[What to do] What the answer must hold is the line containing "Skorpion-Symbol. Durch keltisches" and all lines after it through the end of the listing, copied exactly, with pictures left out.

──────── Data excerpt ────────

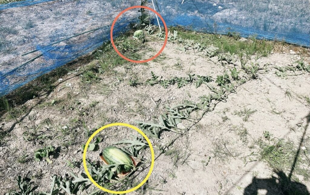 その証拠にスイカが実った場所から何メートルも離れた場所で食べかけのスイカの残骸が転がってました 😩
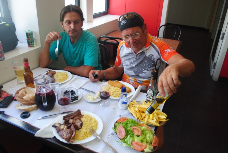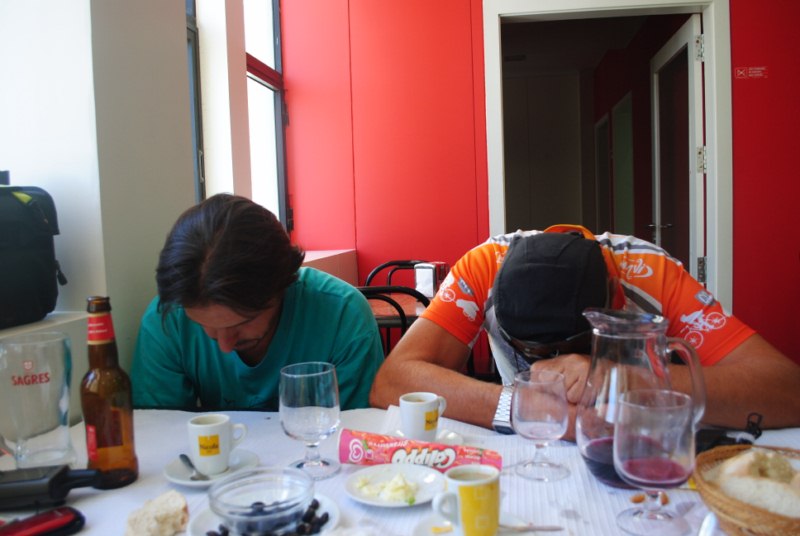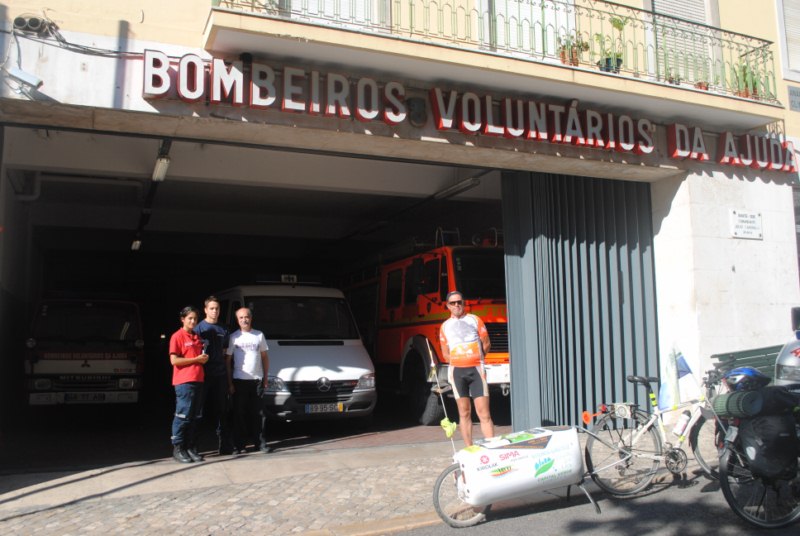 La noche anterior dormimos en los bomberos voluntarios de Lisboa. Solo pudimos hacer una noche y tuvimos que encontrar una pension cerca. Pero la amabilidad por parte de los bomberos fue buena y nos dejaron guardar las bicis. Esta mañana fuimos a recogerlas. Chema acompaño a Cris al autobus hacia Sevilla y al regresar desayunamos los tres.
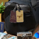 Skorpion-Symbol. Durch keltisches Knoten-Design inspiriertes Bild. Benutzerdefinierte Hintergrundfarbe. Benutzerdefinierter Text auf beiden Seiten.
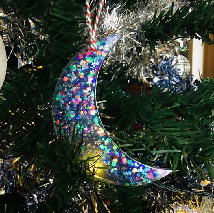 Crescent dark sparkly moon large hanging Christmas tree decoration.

────────

[Response box]
 Skorpion-Symbol. Durch keltisches Knoten-Design inspiriertes Bild. Benutzerdefinierte Hintergrundfarbe. Benutzerdefinierter Text auf beiden Seiten.
 Crescent dark sparkly moon large hanging Christmas tree decoration.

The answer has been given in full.